Posts Tagged With: Sickness

Love Me a Good Roller Coaster

I love a good roller coaster.  I lived in eastern central Florida for four years, close enough to enjoy the amusement parks and their entry fees and long enough to realize you’d need to visit all the theme parks in Florida to equate to one in the midwest – Cedar Point.

Don't blow your top.   A view of Mount St. Helens from the Hospital.

Don’t blow your top.
A view of Mount St. Helens from the Hospital.

Universal Studios Island of Adventure has one or two.  Sea World has one.  Disney World has one or two.  Busch Gardens has beer… I mean, two or three good ones.  But Cedar Point is the end all, be all of roller coaster, puke-your-guts-out glory amusement.

I took a group of Coloradans to Cedar Point.  Meh, they first thought, we have Elitch Gardens!   I told them to just wait and see.  On the ride home from Cedar Point they wouldn’t shut up about how lousy Elitch Gardens had just become.  Cedar Point, HELL YEAH! became the motto for the rest of the trip.
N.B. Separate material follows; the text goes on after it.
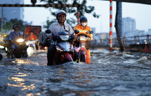Đường phố TP.HCM hóa sông, người dân vật vã di chuyển trong dòng nước đục.

Life presents itself in a variety of roller coasters.  Some are kiddie rides – boring, unless you’re 5 years of age when 30 feet in the air seems like 30,000.  Some are tilt-a-whirls – eat before you ride and you’ll be sure to lose your lunch.  Some are the heart-in-your-throat rides that you are glad you just had the chance to get off…until later, when you want to ride it again for the sheer thrill of it or the line is only 20-people long.  The others are like that except you don’t ride them ever again.  Cedar Point only has one of those for me.  That wooded one in the back.  The one that gave me an instant headache from the incessant shaking – like those machines that mix up paint.  I haven’t ridden that one again.  I don’t plan to, either.

I’m on one of those right now.  After 11 days in two hospitals and a doctor telling me there may be yet another week of hospital stay, I’ve got that headache that tells me I’m pretty much done with this ride.

If a lot of lava and ash was under St. Helens, what's under the Hood?  (Did you catch that one?)

If a lot of lava and ash was under St. Helens, what’s under the Hood? (Did you catch that one?)

Stop the ride.

I want to get off.

I’m going to vomit.

Of course, this is my own bowl of pits I’m spitting into.  This roller coaster of life hasn’t dealt me a blow like this before.

With all the serene beauty of this region and everything I’ve seen and experienced in this life, this little “kiddie ride” isn’t going to get me out of the amusement park.  There’s too much salt water taffy yet to be eaten.

My little girl is making baby step improvements.  For an impatient father, this isn’t going fast enough, indeed.  I’d like the doctors to prescribe something that propels healing into hyperdrive like the Top Thrill Drag Roller Coaster.  The ride lasts a whole 20 seconds long.  0 – 120 mph in three seconds.  ORDER UP!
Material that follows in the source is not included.